Voyaging from her hometown in suburban Kansas, Tiffany entered college in LA with dreams of pursuing music. 2 years later, this dream is flourishing in the form of vibrant bedroom-pop, fearless lyricism, and an unstoppable ambition.
We met with Tiffany to speak about her early life, what it means to be a YouTuber, the challenges of superficiality in LA, and on what she has in store for the future…
You live in LA – a completely different world than what you were used to growing up in Kansas – do you find being there is better for you creatively?
Yeah, but honestly it’s just different. When I’m at home I’m forced to sit at home and write music alone, which can be a really good thing, but I usually miss sitting in the studio with other people and collaborating.
I wouldn’t say it’s better or for worse, it’s just different in the two atmospheres. When I’m in LA I feel like there’s this constant rush to get things done, which is very motivating, but when I’m at home I can take my time on things. Even though there’s nothing physically pushing me to get things done out here you just kind of feel this energy.
I’m going into my junior year – but I really just want to drop out.
Can you feel the influences of both places in your music?
In Kansas I definitely think there are small ways I was shaped and influenced as an artist, even some ways I probably can’t realize for myself, but I also think that LA was the big city that made me the artist I am today.
I didn’t even necessarily believe in myself or consider myself a writer before I moved to LA. When I got out here I met this family friend who was also once a judge for “The Voice” in China and she just was frank with me and told me “This is LA, everyone here can sing. Unless you sound like Mariah Carrie or Ariana Grande or whoever, you’re not gonna be different than anyone else. You need to distinguish yourself through your writing.” And that was really just such a great wakeup call for me. I acknowledge that my voice isn’t legendary, but I have the power to make my writing legendary.
After I realized that I sort of followed this path to find myself and develop myself as an artist. So LA really helped me mature and find that voice.
So when you were finding your sound, did you feel like you had a lot to say?
Yes and no. I definitely feel like I had a lot of things pent up and ready to say, but it was also kind of a matter of figuring out the vibe of the music, the production, and what I really wanted to talk about.
For a while I really hated myself when I wrote about boys or things like that.
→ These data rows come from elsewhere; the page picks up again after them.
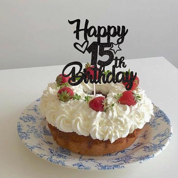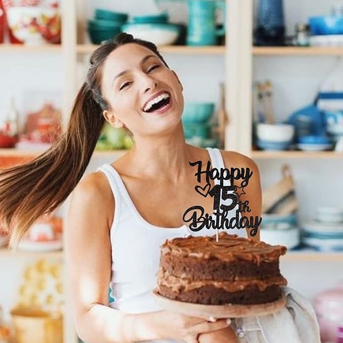 1 Pack Happy 15th Birthday Cake Topper Glitter Heart Star 15 Fabulous Cake Pick Birthday Sign Cake Decorations for Children 15th Birthday Theme Party Supplies Black
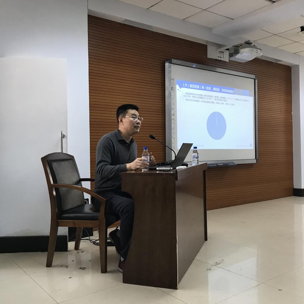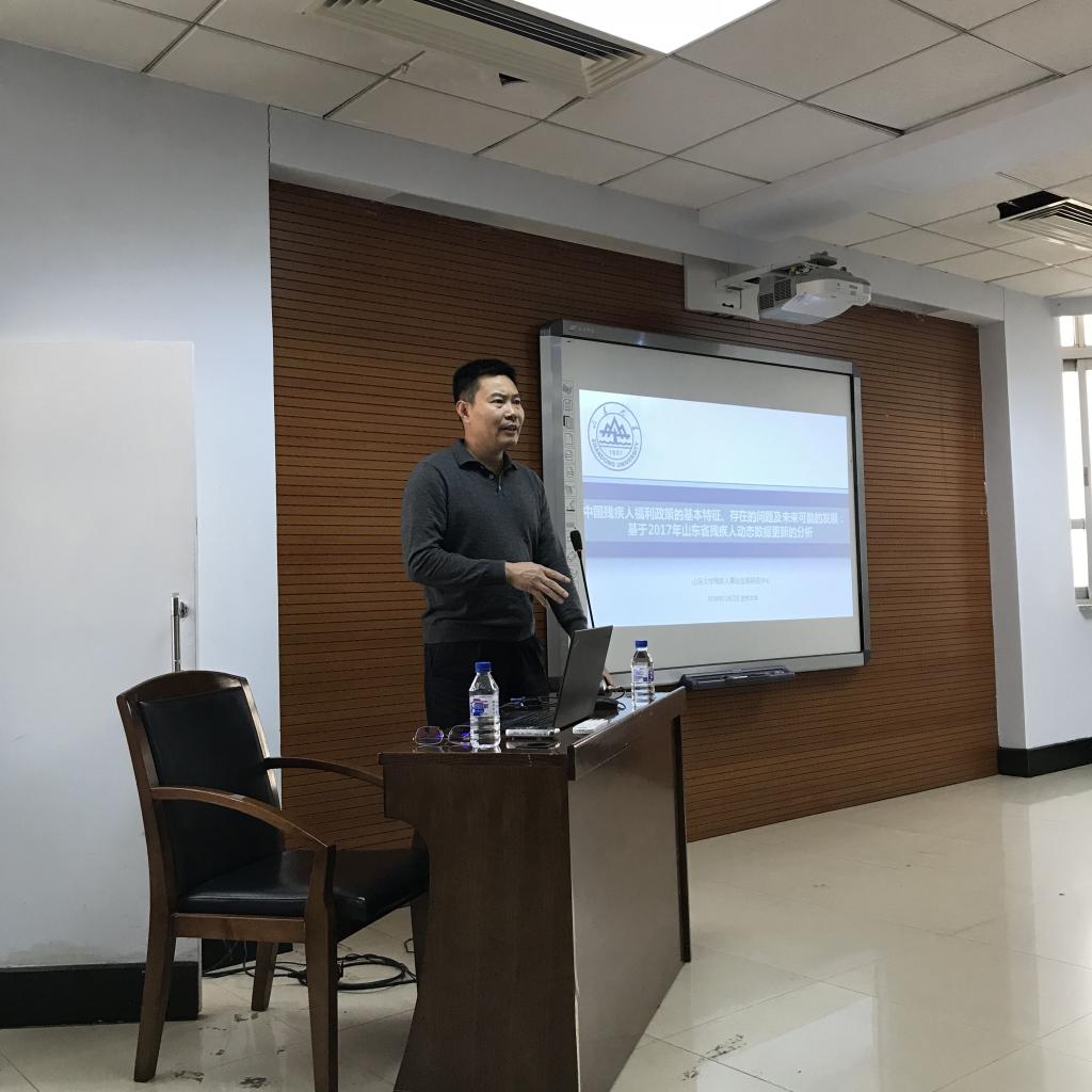 2018年11月3日上午9点,中国·tyc1286太阳成集团(股份)有限公司学术名家讲座第28场在东荣大厦9楼会议室举行。中国残疾人事业发展研究会副秘书长、中国残疾人事业发展研究会社会工作专业委员会副主任委员、济南市残疾人福利基金会理事长、山东大学残疾人事业发展研究中心主任、山东大学哲学与社会发展学院博士生导师葛忠明教授,作了题为“中国残疾人福利政策的基本特征及未来可能的发展方向:基于山东省2017年动态更新数据的分析”的学术讲座。劳动与社会保障系系主任董才生教授主持了本场讲座。
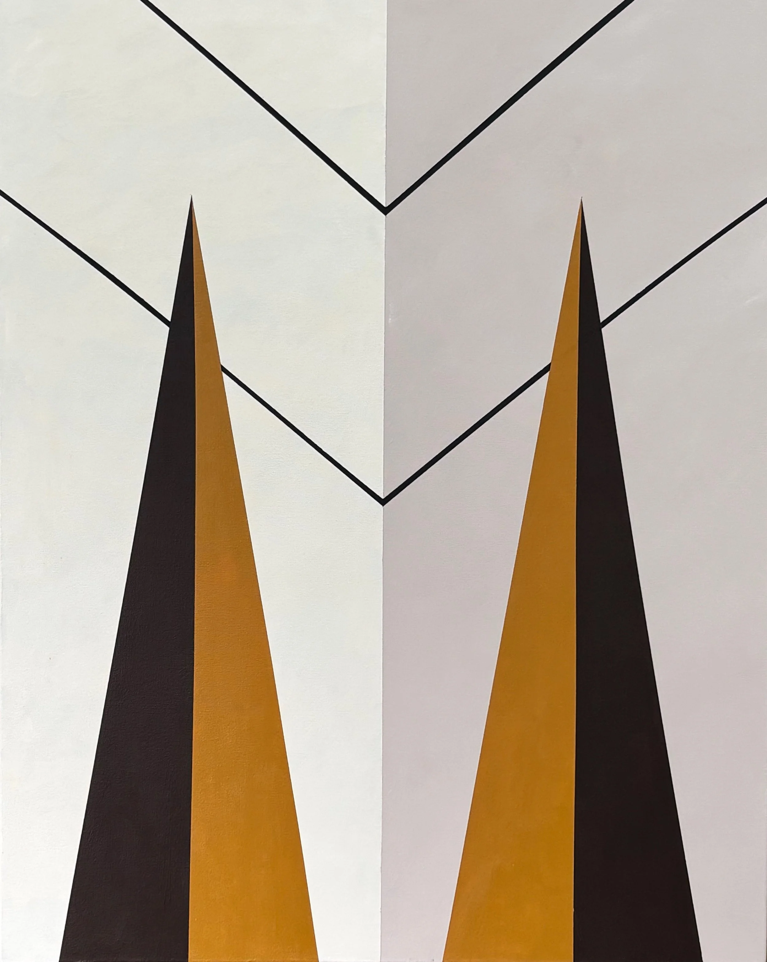 Through geometric abstraction, the use of a limited palette, and hard-edge lines, I intend to create a space of reflection that allows for a moment of stillness and a moment to breathe. Each painting seeks to become a slowing down in which the viewers can become more aware of their mental habits. My work does not seek to tell a story or represent a subject. Instead, it invites presence — a direct encounter with the silent geometry of awareness itself: the stillness between automatic mental responses and conscious choice.

I would just get mad at myself and say “I can’t do this!”, and would purposefully take “boy cleanses” and not write music about boys.
I really did hit the ground running when I got here. I hopped into my first studio session soon after I landed and I really had no idea what to expect, but sooner or later I just started writing. I was so unsure and unconfident, I really didn’t believe in myself, but I think the support of all these people around me combined with the incredible energy in the room helped me tune my confidence.
I started building a lot of confidence and going to the studio feeling like “I’m gonna write a really dope ass song today!”
Was there a first song where you realized “this is me”?
Yeah, and it’s funny because it didn’t come to me until maybe a year or two after I started writing. I was in New York one week doing a little concert for this really dope streaming platform called Quadio. While I was there I messaged this producer who I had been dying to work with. I just felt like the stars were aligning and so I got into a session with him and there was just something about the production he did and my writing on the track that just encapsulated all of this energy that I have as a person in a sound and that just really paved the way for me and who I want to be as an artist!
Have you released the song?
Yes! Just a few months ago actually – it’s called “Grown Up” off of my Limelight pack.
What was your thought process behind dropping that limelight package?
It’s funny because I wasn’t originally planning on dropping any sort of project this summer, but at the same time I felt like it’d be cool to drop a mini project to switch things up a little bit with a cool concept.
I chose these two songs because they relate to each other because they’re on the same spectrum, but they’re actually on two completely different sides of the spectrum which I thought was interesting.
One of them is about being grateful for what you have and understanding and realizing you’re living your dreams and you may not be a billionaire but at the same time you’re able to make music, be happy, and thinking to yourself, “my life is f*cking dope!”.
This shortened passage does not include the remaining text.